Уже не раз Клерамбо подвергался уличной брани. Но она его не тревожила. Может быть оттого, что он плохо отдавал себе отчет в опасности. Моро однажды встретил его за горячим спором, в кучке прохожих, с молодым буржуа свирепого вида, который в оскорбительной форме потребовал от него объяснений. Когда поэт говорил, поблизости раздался взрыв снаряда "большой Берты".* Клерамбо не обратил на него никакого внимания и спокойно продолжал излагать раздражительному собеседнику свою точку зрения. Было что-то комичное в этом упрямстве, и слушатели, как настоящие французы, это почувствовали и стали обмениваться не очень вежливыми, но беззлобными шуточками. Моро взял Клерамбо под руку, чтобы увести его. Клерамбо замолчал, посмотрел на смеявшихся, понял комизм своего положения и сам засмеялся вместе с другими.

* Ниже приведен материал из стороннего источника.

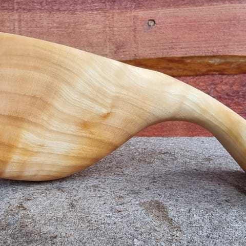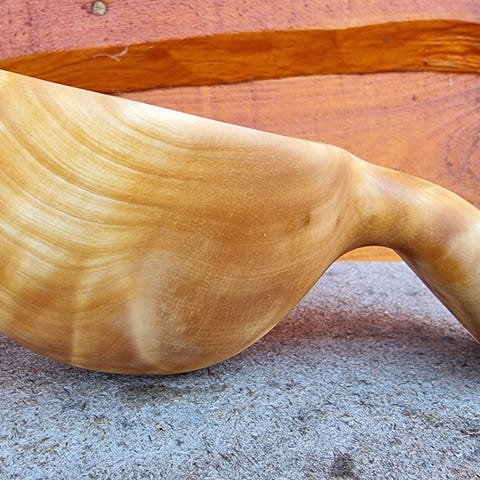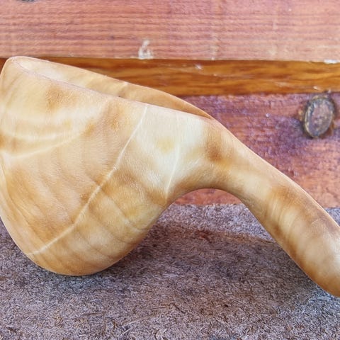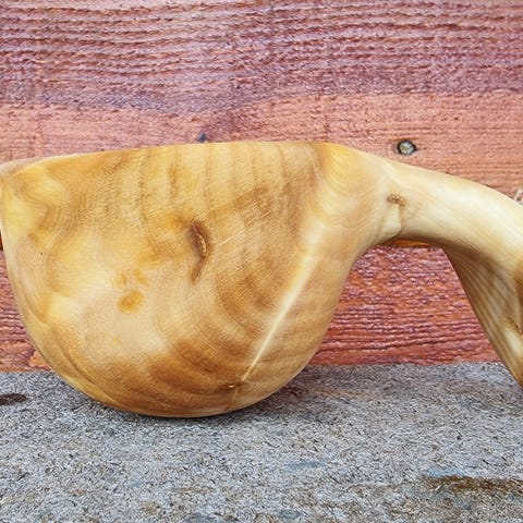 Alle koppemnene, som kommer fra riknuter på bjørk eller gråor, bli først kokt 1-2 timer. Dette for å unngå at de sprekker når man har varmt/kokende drikke i dem. Deretter grovformer jeg emnene, før jeg tørker dem i mikrobølgeovnen. De blir så formet og pusset til de har den ønskede formen. Tilslutt ligger de i rapsolje 3-4 døgn, før de legges på ei rist inntil de er helt tørr. Kan dessverre ikke bruke "FiksFerdig", da jeg i så fall må kjøre 10 mil. Sender med Posten, til kr 76,- for denne koppen. Denne koppen tar 2,6 dl helt full.
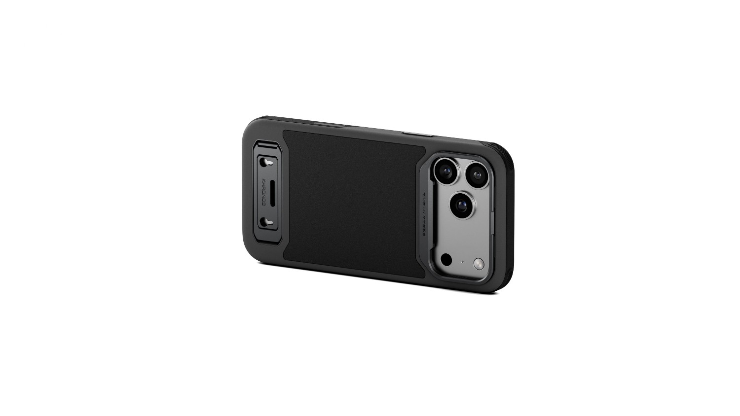 Das Tilta Khronos Lite Case in Schwarz ist eine leichte, professionelle Schutzhülle für das iPhone 17 Pro Max. Es verfügt über einen integrierten Ständer für freihändiges Betrachten, eine magnetische Rückseite zum Anbringen von Zubehör und verstärkten Schutz für die Kamera und die Ecken.
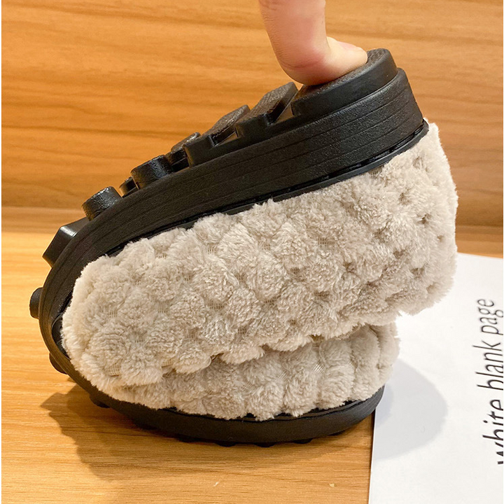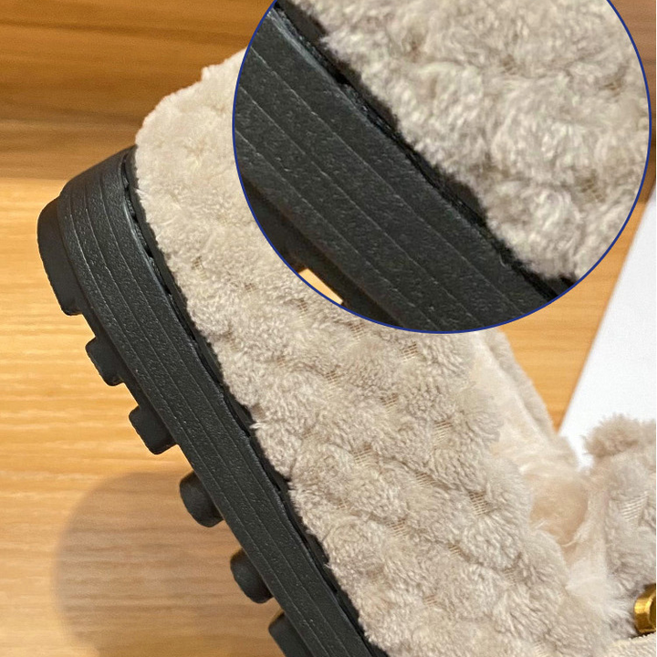 Made of warm furryMaterial with a Soft sole that allows your feet to feel comfy. Spacious wide toe box to allow your feet to stretch and relax. It's perfect for those with bunions or swelling feet as it stretches along with them without any unnecessary rubbing.
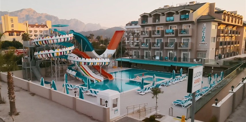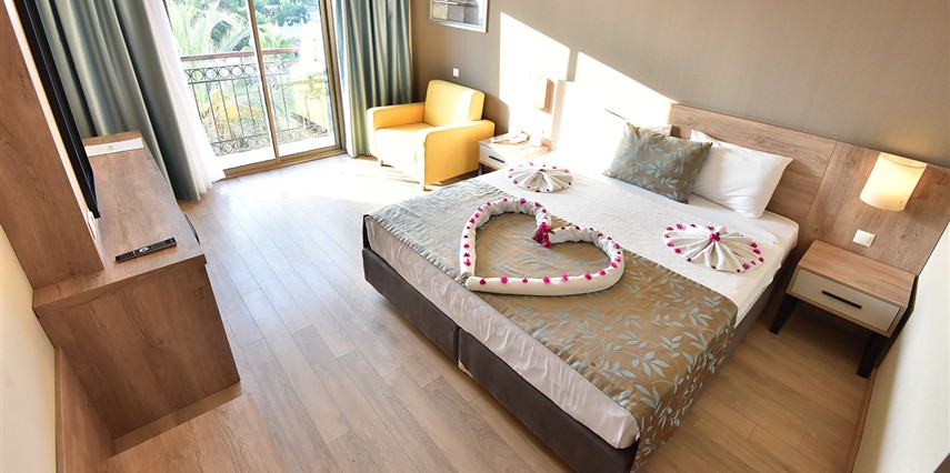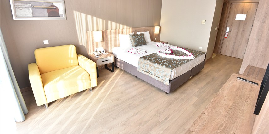 * Anex odalar tamamen yenilenmiş ve standart odalar ile aynı özelliklere sahiptir. Lcd tv, duş, emanet kasa, mini bar, saç kurutma makinesi, telefon konaklamanız boyunca faydalanabileceğiniz mevcut hizmetlerdir. Anex odalar otelin ek binası olup ana binaya 10 m mesafededir. Anex bina ile ana bina arasından trafik akışının hemen hemen olmadığı 5m lik yol geçer. Anex bina da ultra herşey dahil konseptin geçerli olduğu bar mevcut olup bunun dışındaki yeme içme hizmetini ana binada verilir. Tüm odaları balkonludur.
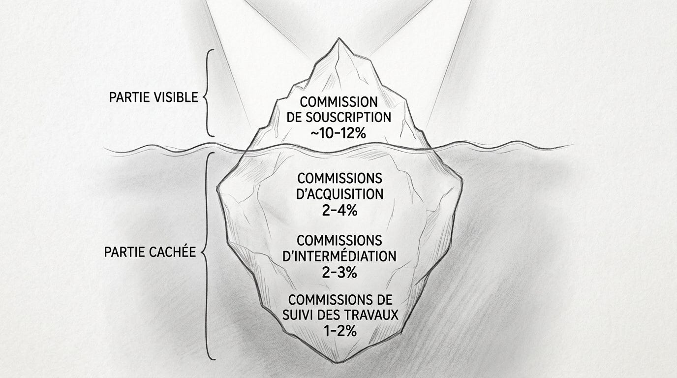 Je traque tous les frais, y compris ceux qui ne s’appellent pas “frais”. La commission de souscription affichée n’est que la partie visible. Je vérifie les commissions d’acquisition et d’intermédiation prélevées sur chaque achat d’immeuble (souvent 2% à 6% cumulés), les commissions de suivi des travaux, les commissions de cession.
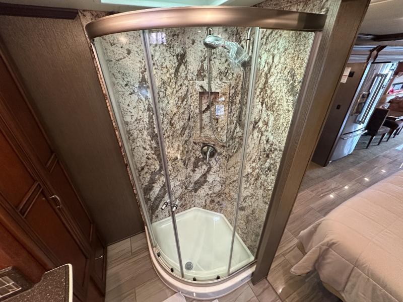 The half bath is down the hall. The rear bedroom has a king bed slide. The master bath offers a toilet, sink, wardrobe, and corner shower. There is a full wall slide with two wardrobes, a chest of drawers, overhead TV, pantry, refrigerator, booth dinette, and hide-a-bed sofa.
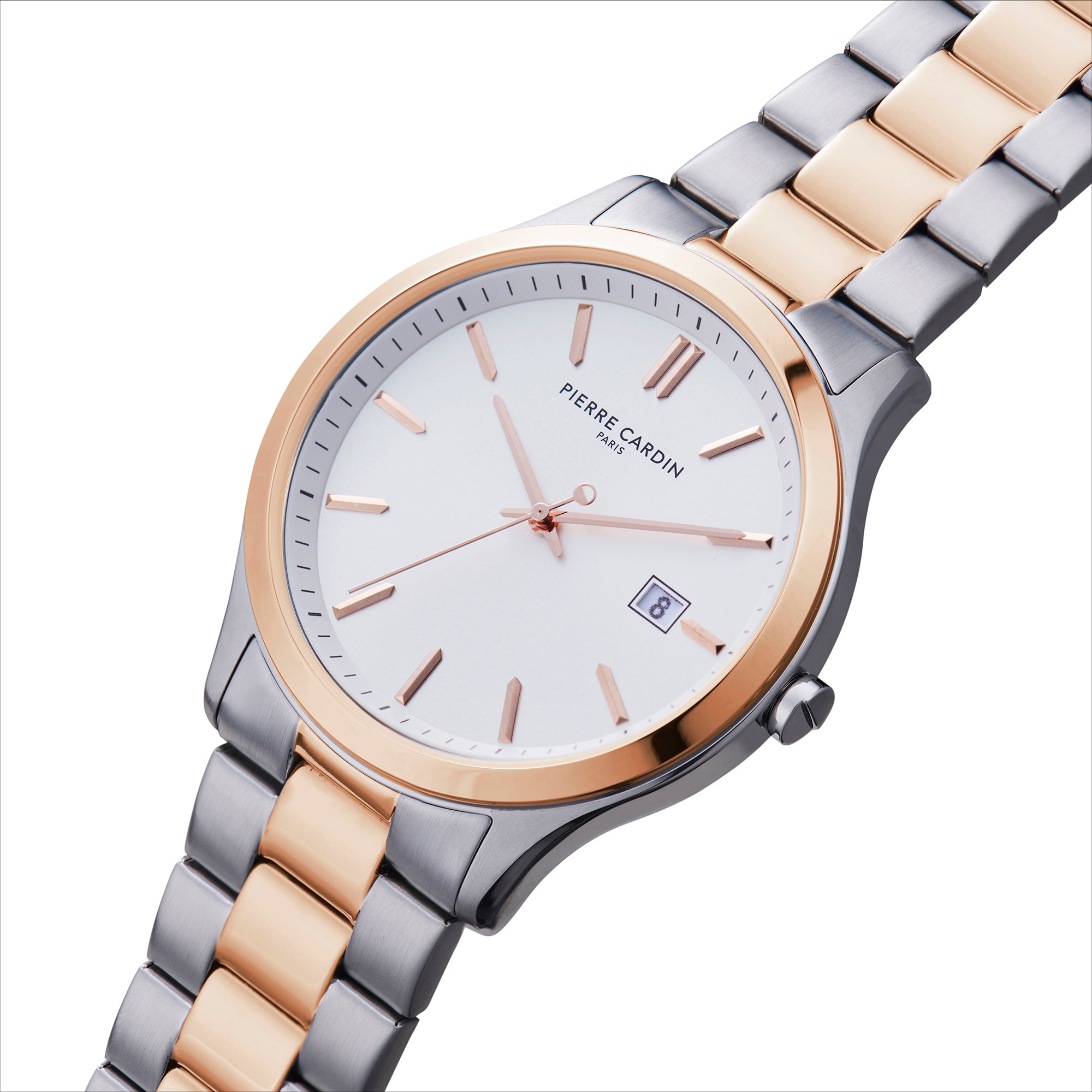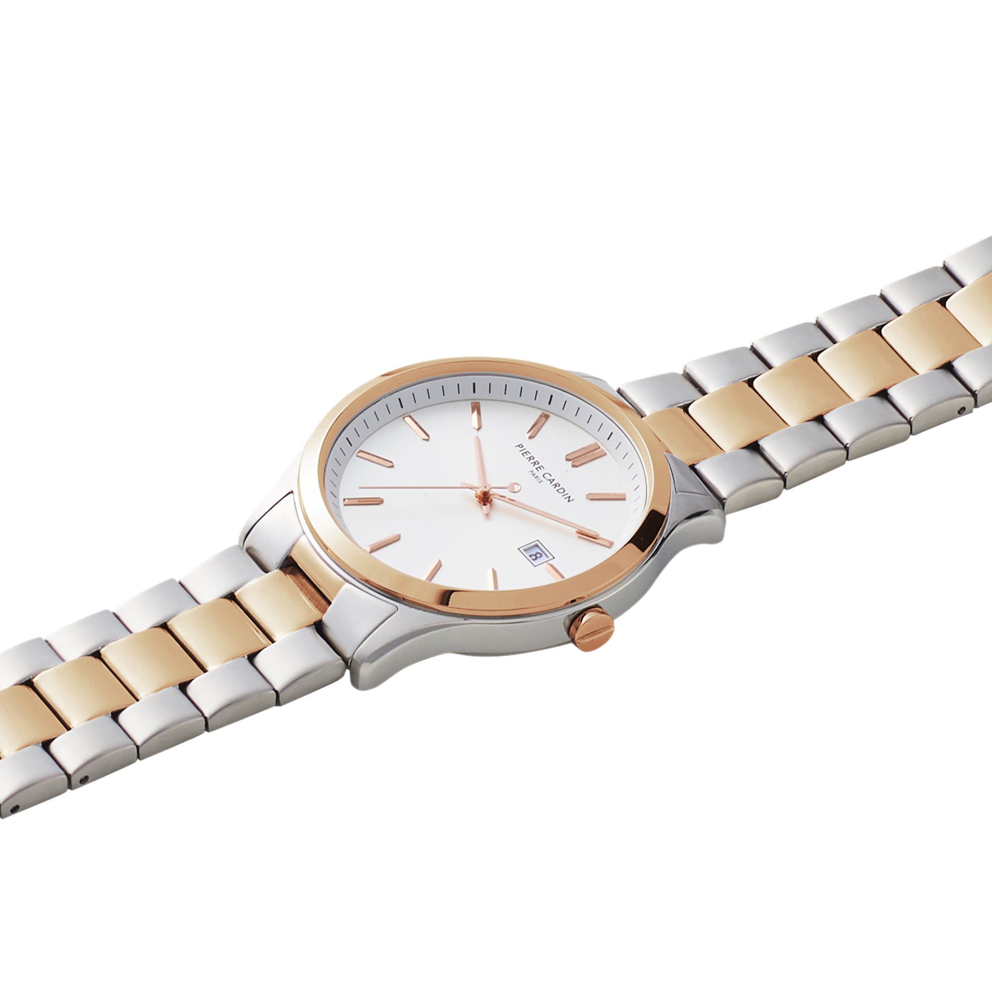 Épinettes Essential Two Tone Rose Gold and Steel Watch with Silver Dial and Metal Links Strap
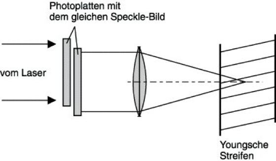 Speckle-Korrelationstechniken (Speckle-Photographie). Zwei gleiche, auf je einer Photoplatte aufgenommene, gegeneinander ein wenig verschobene Speckle-Bilder werden von Laserlicht durchstrahlt (Abb. 2). Mit einer Linse wird das räumliche Fourier-Spektrum (Beugungsbild) erzeugt. Dieses enthält Youngsche Interferenzstreifen, deren Abstand umgekehrt proportional zur Größe der Verschiebung ist und die senkrecht zu der Verschiebungsrichtung liegen. Die Zweiplattenmethode läßt sich auch in eine Doppelbelichtungstechnik umwandeln, wobei die Photoplatte zwischen der ersten und der zweiten Exposition verschoben wird. Die Youngschen Streifen zeigen an, daß die beiden Speckle-Bilder miteinander korreliert sind. Sie treten nicht auf, wenn keine Korrelationen bestehen. Auf diesem Umstande beruht die folgende Speckle-Korrelationstechnik: Eine nach der Doppelbelichtungstechnik hergestellte Aufnahme zweier etwas unterschiedlicher Speckle-Verteilungen (oder die entsprechende Kombination zweier Photoplatten) wird in einem optischen System auf eine Auffangebene abgebildet (Abb. 3). In der Fokalebene der Linse L1 ist eine Doppelschlitzblende so angeordnet, daß die Mitten der Schlitze mit den Minima der beiden Youngschen Streifen der ersten Beugungsordnung zusammenfallen. Das mit der Linse L2 erzeugte Bild ist dann von dunklen Streifen, den Korrelationsstreifen, durchzogen, welche die Stellen anzeigen, an denen die beiden Speckle-Muster miteinander korreliert sind.
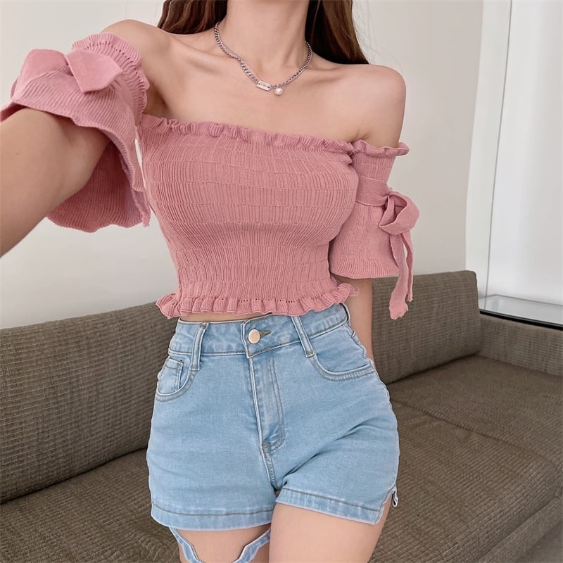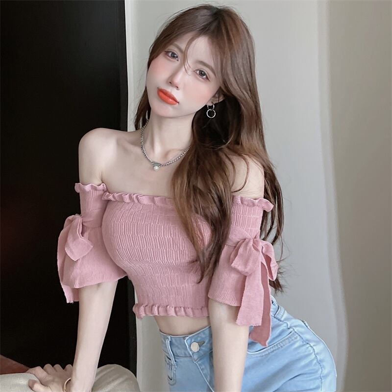 Tシャツ サマーリボン薄手ニットショートスリムクロップドトップス 夏物 セブンプリンセス36664568316
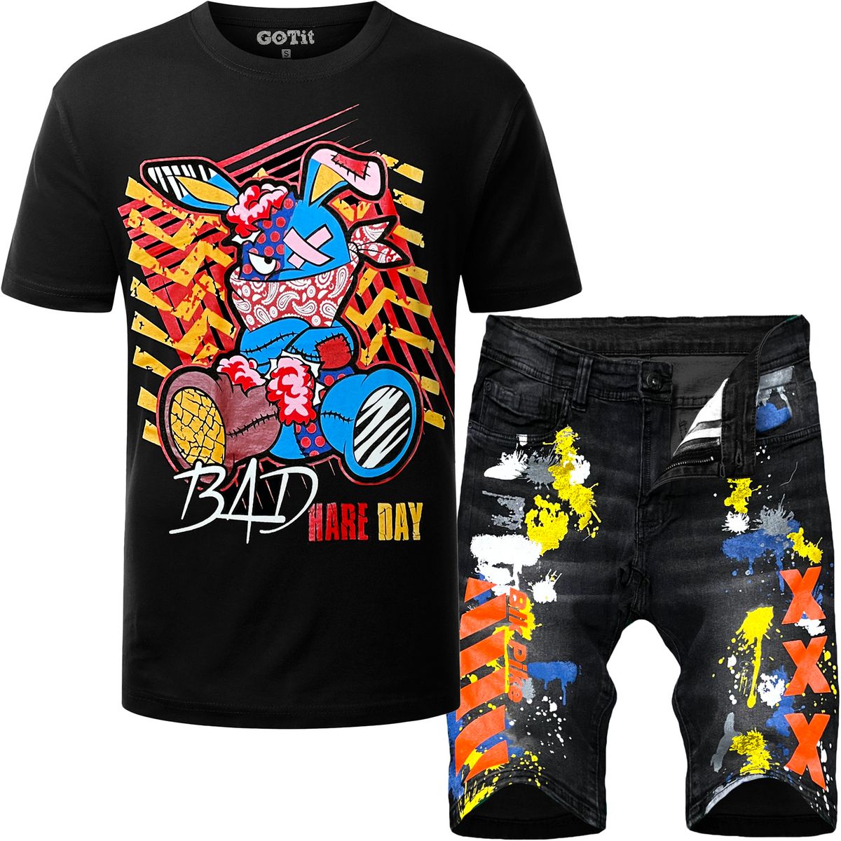 2pc Splatter Denim Shorts+Bunny T-shirt 💎
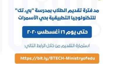 مد فترة التقديم لمدرسة “بي.تك BTECH” حتى ١٦ اغسطس
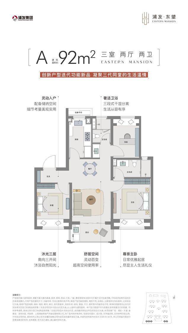 而浦发东望通过飞机户型设计、合理的功能规划等,做到了两个卫生间,缓解早高峰时“抢卫生间”的不便,却又不失尺度感

* Немецкое тяжелое орудие, обстреливавшее Париж. (Прим. перев.)

– Вот сумасшедший старик… Не правда ли? – сказал он увлекавшему его Моро.

– Сумасшедших теперь много. Берегитесь! – довольно дерзко отвечал Моро.

Но Клерамбо не желал понимать.

Следствие по его делу вступило в новую фазу. Клерамбо было инкриминировано нарушение закона от 5 августа 1914 года, "карающего неблаговидные поступки во время войны": его обвинили в пацифистской пропаганде рабочим, среди которых Турон, по слухам, распространял статьи Клерамбо с согласия автора. Слухи были ни на чем не основаны: Клерамбо не знал ни о какой пропаганде подобного рода и не уполномочивал Турона вести ее. Турон мог это засвидетельствовать. – Но Турон как раз не давал на этот счет никаких показаний. Поведение его было странное. Вместо того чтобы устанавливать факты, он вилял, имел такой вид, будто что-то скрывает; даже как бы кичился этим: точно хотел возбудить подозрение, что он оказался недостаточно ловким. Беда была в том, что эти подозрения направлялись в сторону Клерамбо. Правда, Турон ничего не говорил против него и вообще против кого-либо. Он отказывался говорить. Но он давал понять, что, если бы захотел… Он не хотел. Его свели на очную ставку с Клерамбо. Он был безупречен, вел себя рыцарски. Приложив руку к сердцу, он стал уверять в своем сыновьем почтении к "Учителю", к "Другу". Выведенный из себя Клерамбо потребовал, чтобы он дал точный рассказ обо всем, что между ними произошло; но Турон продолжал свидетельствовать свою "непоколебимую" преданность: больше он ничего не скажет, ничего не прибавит к своим показаниям, берет все на себя…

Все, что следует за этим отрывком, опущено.